Strobes - 9 months ago 62

Java Question

So I have a MergeSort algorithm and I want to combine MergeSort with Insertion sort to reduce the overhead of merging, the question is how? I want to sort the segments using insertion sort and then merge.
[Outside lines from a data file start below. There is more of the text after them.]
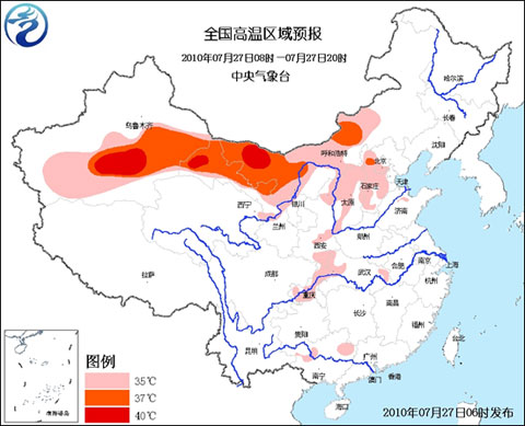 中央氣象臺7月27日06時繼續(xù)發(fā)布高溫藍色預警:
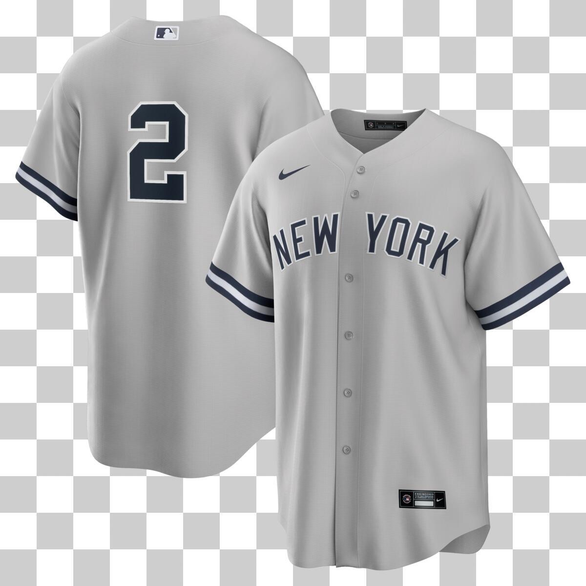 The NY Yankees Gray Jeter #2 Nike Official Replica Jersey features an authentic replica design, showcasing Derek Jeter's iconic number and team colors. Crafted with premium materials, this jersey is perfect for fans and collectors alike
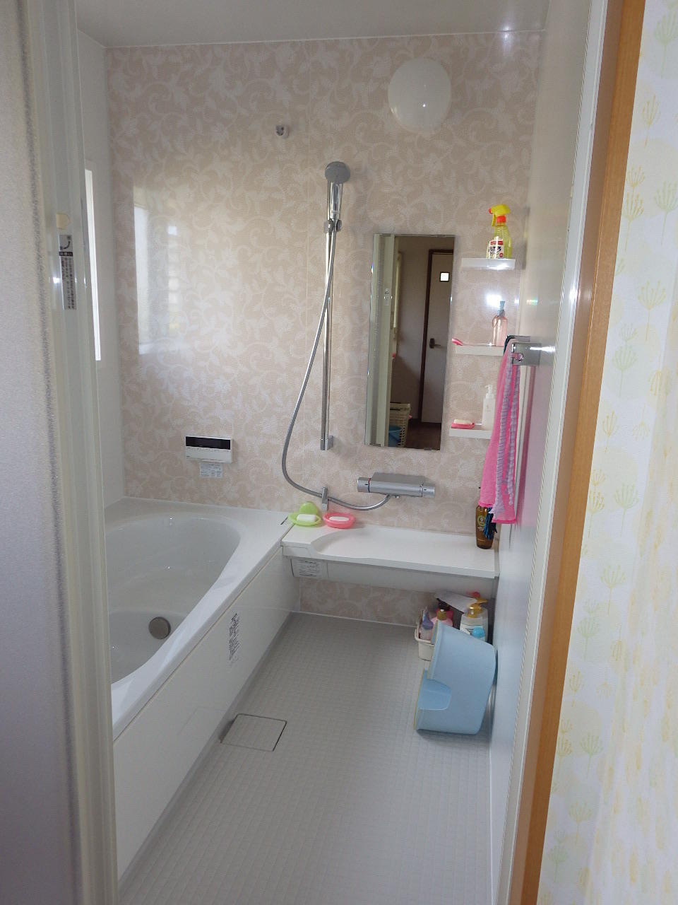 お風呂全面リフォームしました。白ベースなのでとても清潔感があり気持ちがいいですね♪
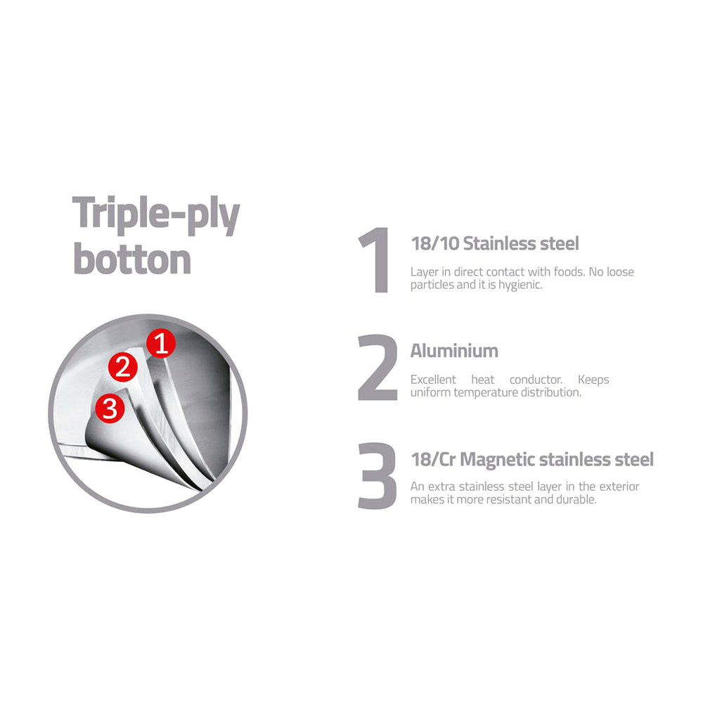Tramontina's 30 cm 2.9 L shallow stainless steel frying pan with long handle and tri-ply base from the Professional line is the right choice for those who wish to do much more in the kitchen. Its tri-ply base (stainless steel + aluminium + stainless steel) has been designed to distribute heat uniformly for faster and even cooking.
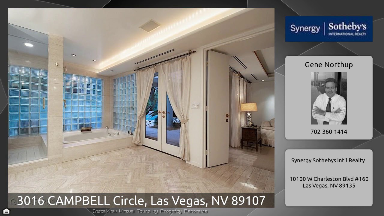 The Virtual Tour for the property at 3016 CAMPBELL Circle, Las Vegas, NV 89107 listed for $1,100,000: Other homes for sale by Gene Northup of Synergy Sothebys Int'l Realty: Modern contemporary single-story home with open floor plan, sunken living room, 15’ coffered ceilings, skylight and fireplace. Fully-equipped kitchen granite island, sub-zero side-by-side refrigerator, 6-burner stovetop, dual ovens, breakfast nook, dining room. Master suite, exposed beams, walk-in closet with French doors opening to patio, and master bath with reflective lighting, jetted tub and shower. Backyard stone patio, …
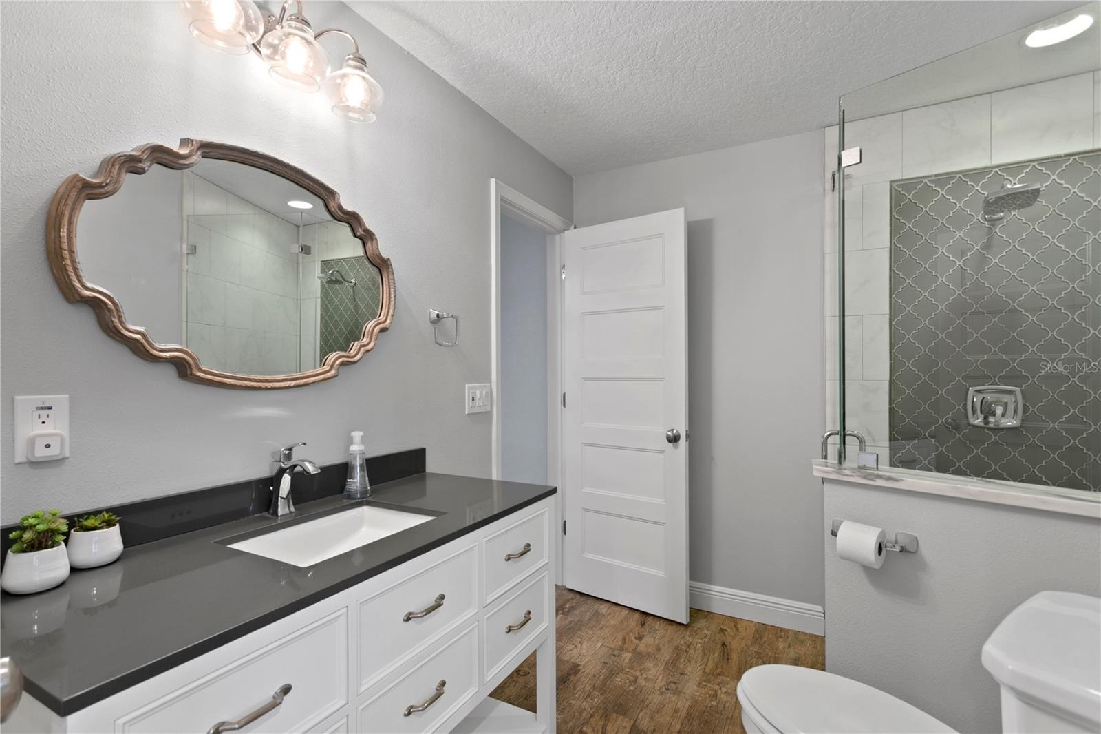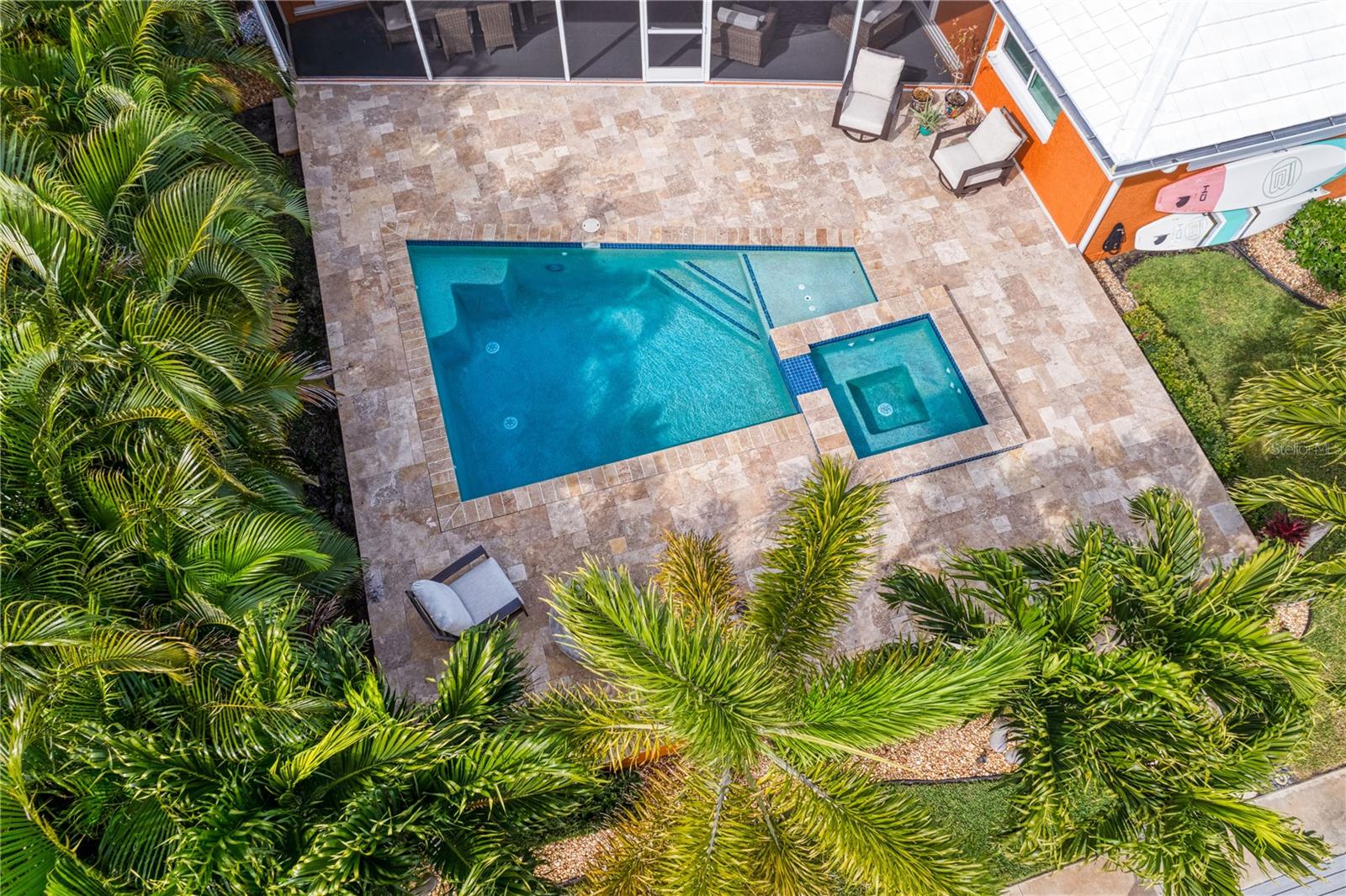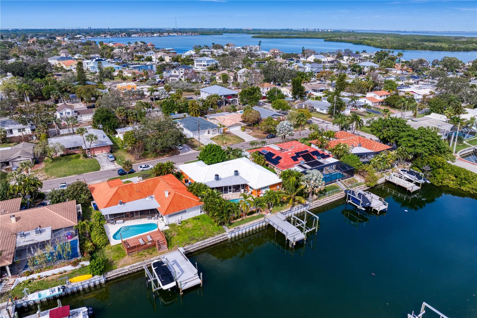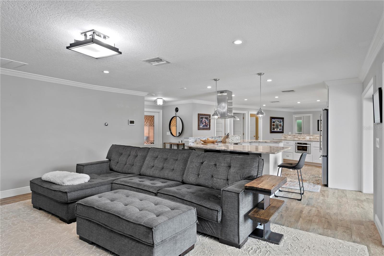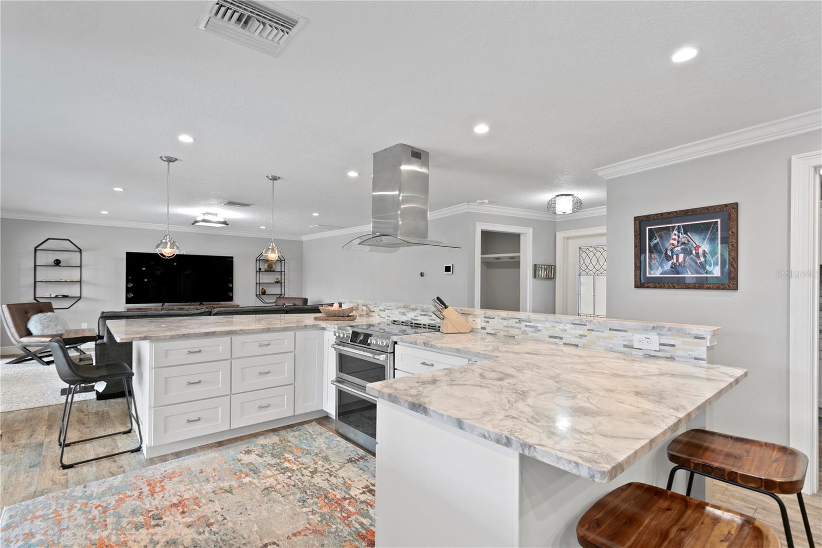 Don’t miss your opportunity to own this stunning home in the highly sought-after waterfront community of Venetian Isles! This beautiful 4-bedroom, 3-bath residence offers the perfect blend of luxury, comfort, and modern coastal living. Step inside to an expansive open-concept layout where the family room, kitchen, and dining area flow seamlessly into a screened lanai and beautifully landscaped backyard—perfect for effortless indoor-outdoor entertaining. The home welcomes you with a spacious foyer or a convenient mudroom entrance from the two-car garage. Throughout the living spaces, wood-look ceramic tile creates a warm, elegant ambiance. At the heart of the home, the chef’s dream kitchen features a large U-shaped eat-in island with marble countertops and backsplash, high-end Café series stainless steel appliances, and stylish custom cabinetry. The interior laundry room is as functional as it is beautiful, complete with Whirlpool Cabrio washer and dryer, built-in cabinetry, utility sink, and marble tile accents. Thoughtfully designed for privacy, the home offers a split bedroom layout. The first guest bedroom enjoys a beautifully appointed full bath, while two additional bedrooms in a separate wing share a spa-like bathroom with Danze fixtures and designer finishes. The private master suite is a true retreat, showcasing a luxurious marble bathroom and a generous walk-in closet. Enjoy true Florida living with hurricane-rated sliding glass doors that fully pocket back, connecting your main living spaces to the screened lanai and creating a seamless indoor-outdoor experience. Whether you're relaxing by the heated saltwater pool and spa, or enjoying tranquil canal views from the cozy firepit corner, this backyard oasis has it all. Boaters will appreciate the composite dock with electric, water, a 10,000 lb. boat lift, and updated seawall (2017). The lush landscaping provides ample privacy and is enhanced by elegant outdoor lighting for evening ambiance. Best of all, this home has experienced no water damage from any hurricanes—a testament to its strong construction and elevated location. Homes like this in Venetian Isles don’t come around often—schedule your private showing today!
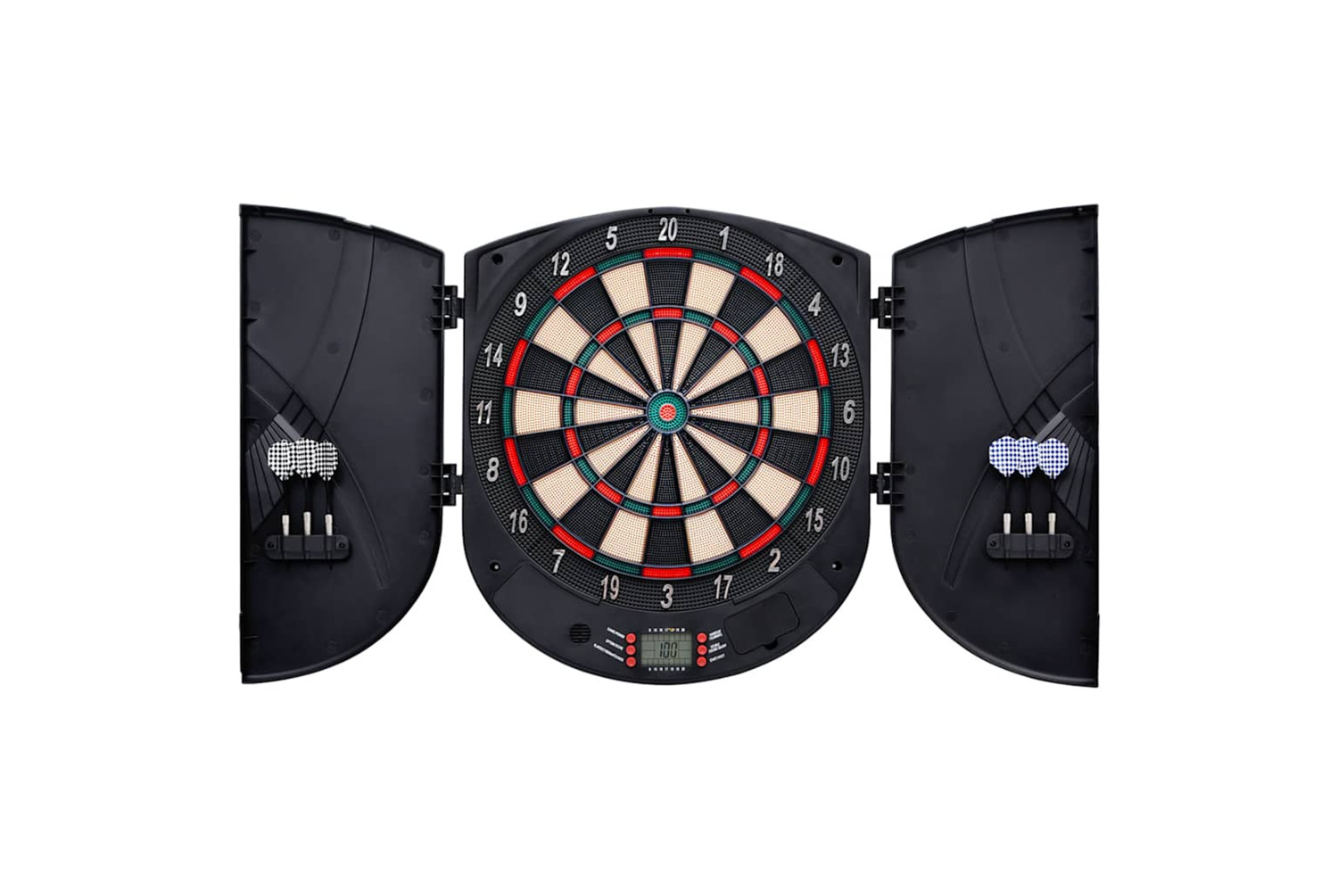 - Extra protection: In order to better extend the service life of the dart target game, this dartboard with an LCD display is designed with two side doors to increase the surrounding area. Additionally, two sides can be used to store darts.
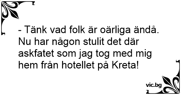 - Tänk vad folk är oärliga ändå. Nu har någon stulit det där askfatet som jag tog med mig hem från hotellet på Kreta!
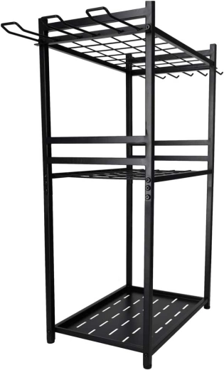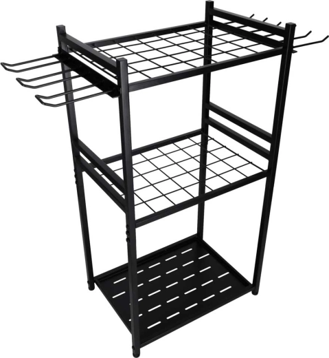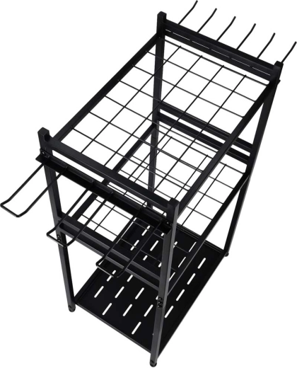 Udržujte zahradu, garáž i dílnu perfektně uspořádané s kovovým stojanem LUARO. Díky třem úrovním polic a bočním háčkům získáte přehledné uložení nářadí, rychlý přístup a stabilní, odolnou konstrukci pro každodenní používání.
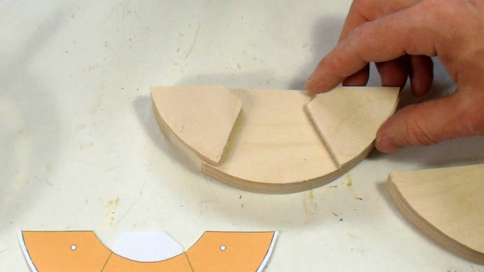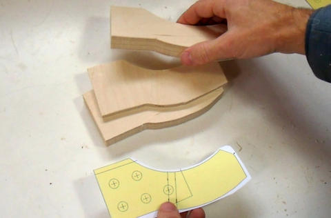 After the plywood layers are glued, the template is glued onto the

`public class mergesorttest{`

public static void main(String[]args){

int d[]= {10,2,3,4,5,6,5,4,3,5,6,7,1};

mergeSort(d,0,d.length);

for(int x:d) System.out.print(x+" ");

System.out.println();

}

static void mergeSort(int f[],int lb, int ub){

//termination reached when a segment of size 1 reached -lb+1=ub

if(lb+1<ub){

int mid = (lb+ub)/2;

mergeSort(f,lb,mid);

mergeSort(f,mid,ub);

merge(f,lb,mid,ub);

}

}

static void merge (int f[],int p, int q, int r){

//p<=q<=r

int i =p; int j = q;

//use temp array to store merged sub-sequence

int temp[] = new int[r-p]; int t = 0;

while(i<q && j<r){

if(f[i]<=f[j]){

temp[t] =f[i];

i++;t++;

}

else{

temp[t] = f[j];

j++;

t++;

}

//tag on remaining sequence

while(i<q){

temp[t] = f[i];

i++;

t++;

}

while(j<r){

temp[t]=f[j];

j++;

t++;

}

//copy temp back to f

i=p;t=0;

while(t<temp.length){

f[i]=temp[t];

i++;

t++;

}

}

}

}

`public static void insertion_srt(int array[], int n, int b){`

for (int i = 1; i < n; i++){

int j = i;

int B = array[i];

while ((j > 0) && (array[j-1] > B)){

array[j] = array[j-1];

j--;

}

array[j] = B;

}

}

Answer Source

The merging automatically takes care of sorting the elements. However, one can sort using insertion sort when the list gets below some threshold:

```
static final int THRESHOLD = 10;
static void mergeSort(int f[],int lb, int ub){
if (ub - lb <= THRESHOLD)
insertionSort(f, lb, ub);
else
{
int mid = (lb+ub)/2;
mergeSort(f,lb,mid);
mergeSort(f,mid,ub);
merge(f,lb,mid,ub);
}
}
```

Doing anything other than this (except playing around with the threshold a little) will **increase** the time taken by merge sort.

Although merge sort is O(n log n) and insertion sort is O(n^{2}), insertion sort has better constants and is thus faster on very small arrays. This, this, this and this are a few related questions I found.